_Source material_.
= Beginning of Section =

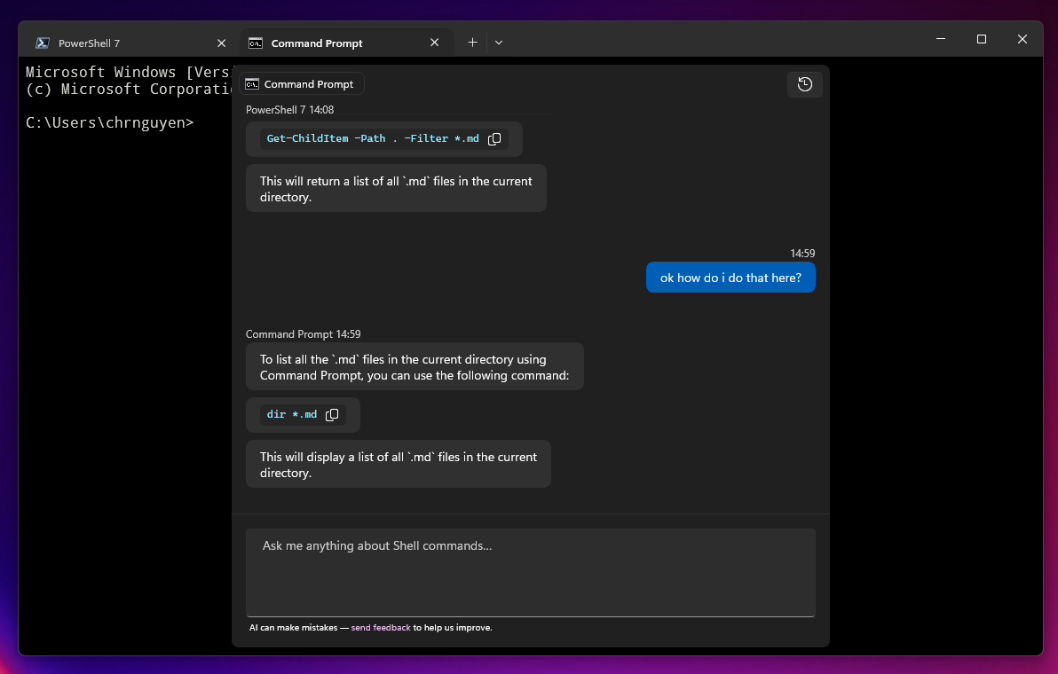 微软目前已经在 Canary 频道的 Windows Terminal 中,推出了 Terminal Chat 功能,让用户通过和 AI 的聊天,帮助查找命令或解释错误等任务。该 AI 服务不附带自己的大型语言模型,因此用户需要提供自己的大型语言模型。
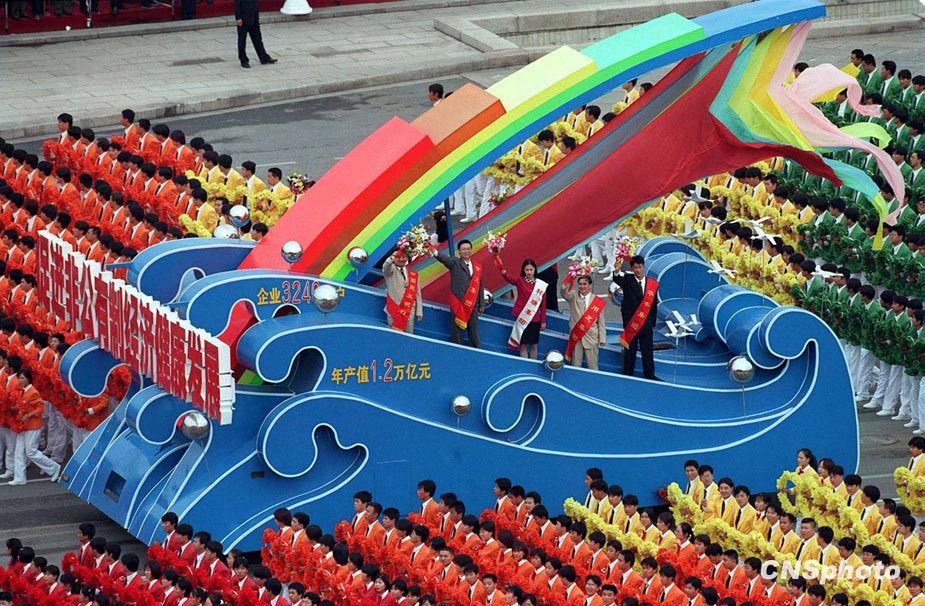 圖為1999年國(guó)慶群眾游行隊(duì)伍中的“國(guó)民經(jīng)濟(jì)發(fā)展新的活力” 方陣。中新社發(fā) 任晨鳴 攝
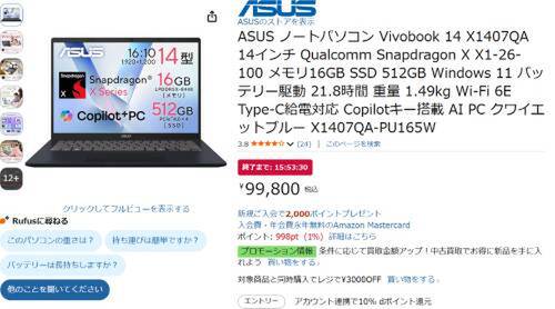 ASUSのノートパソコン「Vivobook 14 X1407QA-PU165W」が本日までのAmazonタイムセール対象。99,800円で販売中。

= End of Section =

_The problem_.
Pictures are to be left out. Otherwise, copy the material above exactly.

_Exercise response_.
 微软目前已经在 Canary 频道的 Windows Terminal 中,推出了 Terminal Chat 功能,让用户通过和 AI 的聊天,帮助查找命令或解释错误等任务。该 AI 服务不附带自己的大型语言模型,因此用户需要提供自己的大型语言模型。
 圖為1999年國(guó)慶群眾游行隊(duì)伍中的“國(guó)民經(jīng)濟(jì)發(fā)展新的活力” 方陣。中新社發(fā) 任晨鳴 攝
 ASUSのノートパソコン「Vivobook 14 X1407QA-PU165W」が本日までのAmazonタイムセール対象。99,800円で販売中。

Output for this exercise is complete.